X_train2, X_test2, y_train2, y_test2 = train_test_split(
    X2, y2, test_size=0.2, random_state=23, stratify=y2
)

clf2 = Pipeline(
    steps=[
        ("preprocessor", preprocessor2),
        # ("classifier", SVC(random_state=123, class_weight="balanced")),
        # ("classifier", tree.DecisionTreeClassifier()),
        (
            "classifier",
            RandomForestClassifier(
                max_depth=10, random_state=0, class_weight="balanced"
            ),
        ),
    ]
)

# If using weights
# Weighting (optional, as before)
cond_counts2 = X_train2["cond"].value_counts(normalize=True)
weights2 = X_train2["cond"].map(lambda x: 1 / cond_counts2[x] if x in cond_counts2 else 1.0)
clf2.fit(X_train2, y_train2, classifier__sample_weight=weights2)

# clf2.fit(X_train2, y_train2)
score2 = clf2.score(X_test2, y_test2)
print(f"Model 2 (with PISA & SC measures) score: {score2:.3f}")
Model 2 (with PISA & SC measures) score: 0.687

Commentary on Machine Learning Results#

Using a comprehensive set of variables (experiment variables, survey measures, economic/institutional performance measures, PISA scores), the predictive accuracy for individual wallet responses did not dramatically improve, typically hovering around 0.68 - 0.70 (depending on the model, parameters, and specific run).

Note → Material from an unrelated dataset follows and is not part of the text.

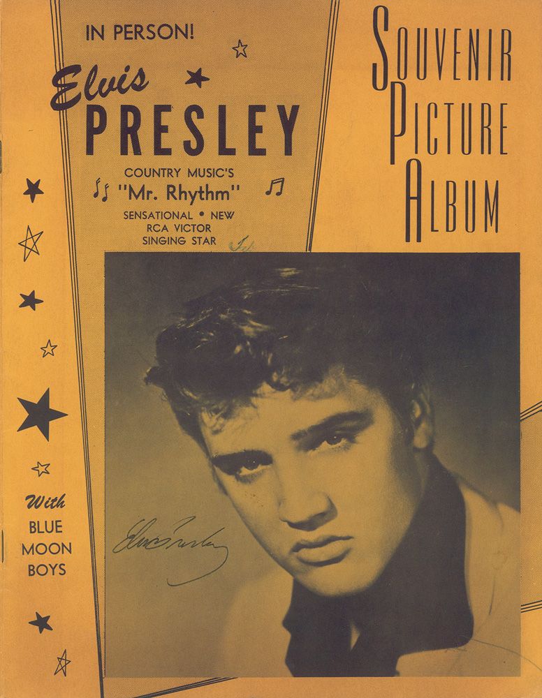 Souvenir picture album promoting Elvis Presley with the Blue Moon Boys, 8.5 x 11, signed twice in black ink by Presley, once on the front cover and once on the back cover, both of which bear his image. In fine condition, with light scattered toning. Accompanied by a full letter of authenticity from Roger Epperson/REAL. Program was signed on February 12, 1956, the day after Elvis performed his RCA Records debut single, 'Heartbreak Hotel,' for the very first time on CBS-TV's 'Stage Show.' After this appearance, his third in as many weeks on The Dorsey Brothers 'Stage Show' program, Presley and his Blue Moon Boys proceeded to Norfolk, Virginia, for a concert the following night at the Monticello Auditorium, the first of five successive dates in Virginia and North Carolina. Prior to the show, a Norfolk policeman, who was on duty working the event, was able to usher his daughter through the crowd for a brief, private encounter with Elvis: the result of that meeting seen on the front of the program. After the performance, however, she waited in line for another meeting and autograph, at which time Elvis signed the back cover of the program. A remarkable piece from a momentous time in Presley's career.

This level of accuracy is somewhat expected. Predicting individual acts of honesty with high precision based on available (mostly demographic or country-level) data is inherently challenging. Individual behavior is complex and influenced by many factors not captured in these datasets.

At the country level, wallet return rates (and PISA scores) show predictive power for various economic and institutional indicators (as explored by Tannenbaum and extended here with PISA in regressions). However, at the individual level, predicting whether a specific person will return a wallet based on the available features (even including PISA scores as a country-level proxy) remains difficult. This highlights the difference between aggregate societal trends and individual behavior prediction.